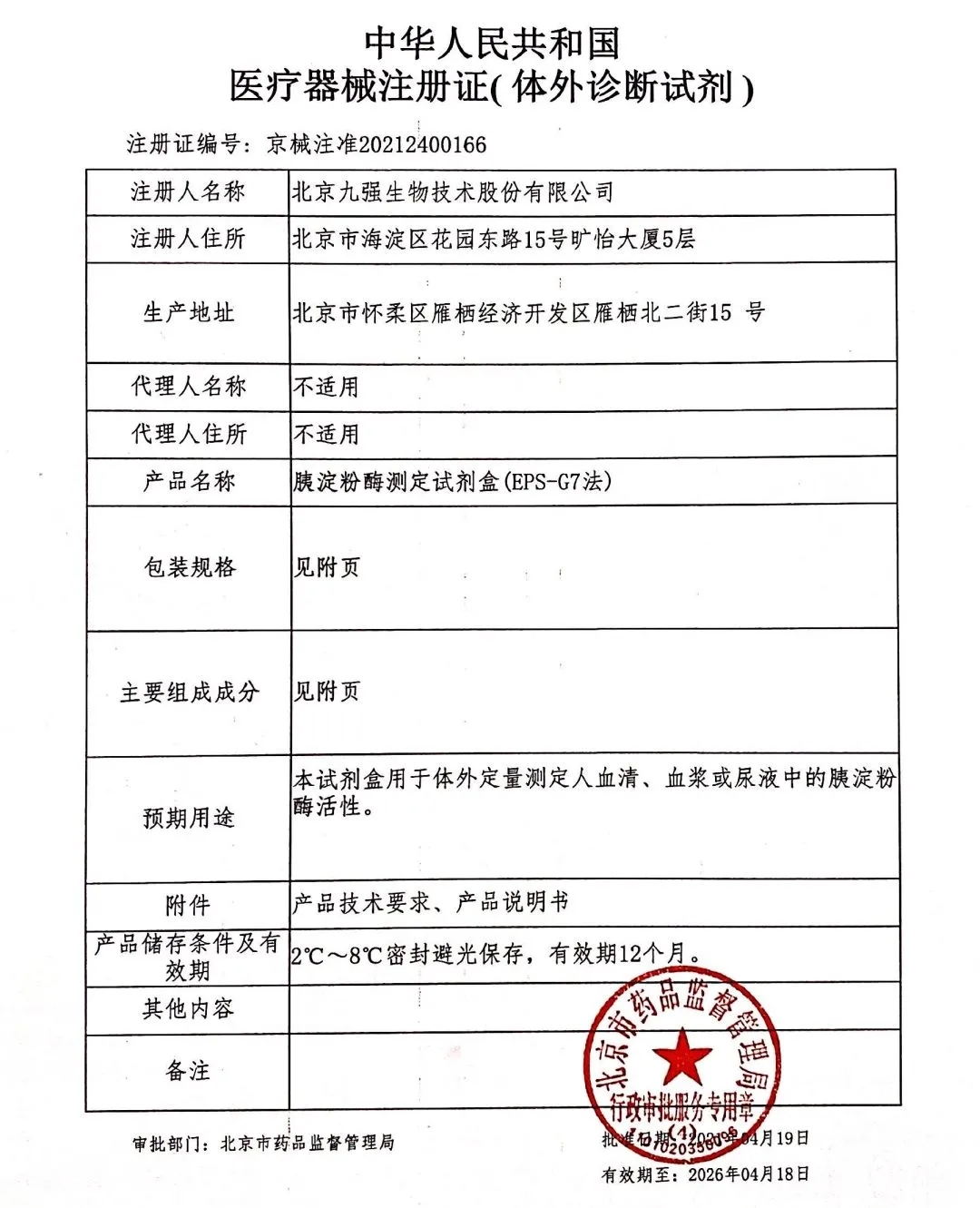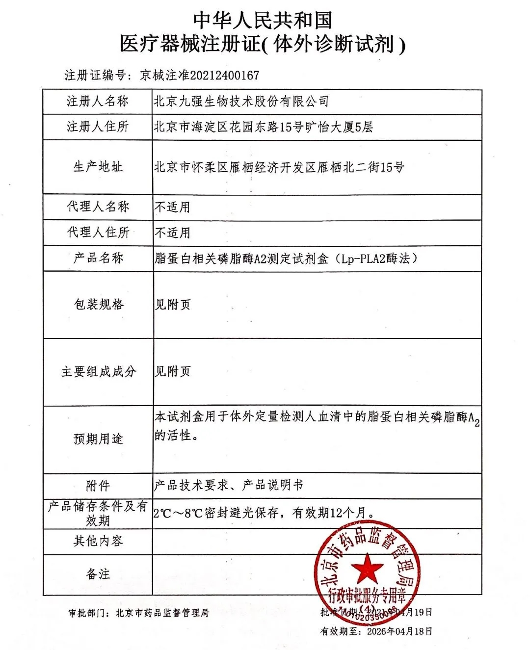 九強生物順利取得北京市藥品監(jiān)督管理局頒發(fā)的三項產(chǎn)品的《醫(yī)療器械注冊證》:谷胱甘肽還原酶(液體)測定試劑盒(谷胱甘肽底物法)、脂蛋白相關(guān)磷脂酶A2測定試劑盒(Lp-PLA2酶法)和胰淀粉酶測定試劑盒(EPS-G7法)。
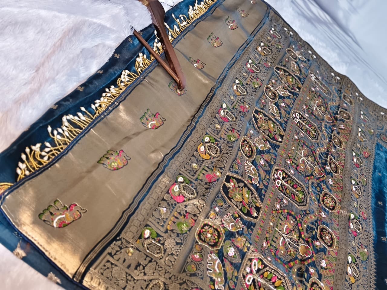 Royal Pure Silk Saree with Heavy C-Pallu Mirror & Moti Work
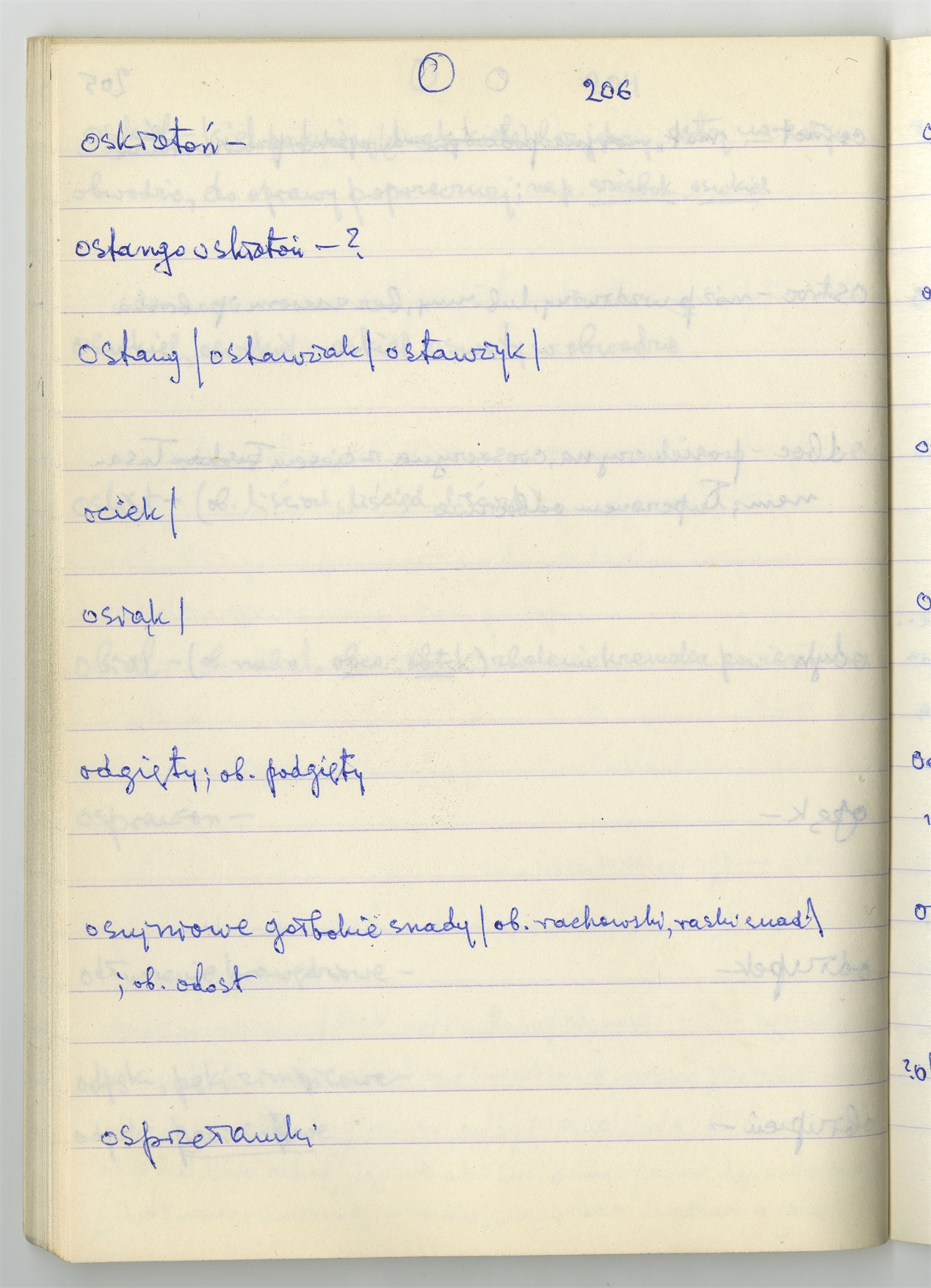 Rękopis słownika sporządzony w zeszycie w linię zatytułowany "K-O i K2 s. 121-240" - strona 65: hasła słownikowe na literę O c.d. (autorska strona 206)
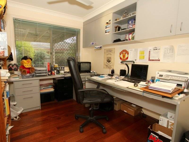 Floating timber floors feature throughout the living areas of this home—including the air-conditioned, open-plan formal living and dining. Here you'll find plenty of room to showcase your furnishings and treasured memories. Leading off the formal living are 2 bedrooms—including the air-conditioned master with en-suite + walk-in-robe, and the good-sized study with built-in cupboards, shelves and desk with twin drawers.

**What is required:** The whole listing above, line by line, needs to be copied exactly, except for any images.

**The completed task:**
 九強生物順利取得北京市藥品監(jiān)督管理局頒發(fā)的三項產(chǎn)品的《醫(yī)療器械注冊證》:谷胱甘肽還原酶(液體)測定試劑盒(谷胱甘肽底物法)、脂蛋白相關(guān)磷脂酶A2測定試劑盒(Lp-PLA2酶法)和胰淀粉酶測定試劑盒(EPS-G7法)。
 Royal Pure Silk Saree with Heavy C-Pallu Mirror & Moti Work
 Rękopis słownika sporządzony w zeszycie w linię zatytułowany "K-O i K2 s. 121-240" - strona 65: hasła słownikowe na literę O c.d. (autorska strona 206)
 Floating timber floors feature throughout the living areas of this home—including the air-conditioned, open-plan formal living and dining. Here you'll find plenty of room to showcase your furnishings and treasured memories. Leading off the formal living are 2 bedrooms—including the air-conditioned master with en-suite + walk-in-robe, and the good-sized study with built-in cupboards, shelves and desk with twin drawers.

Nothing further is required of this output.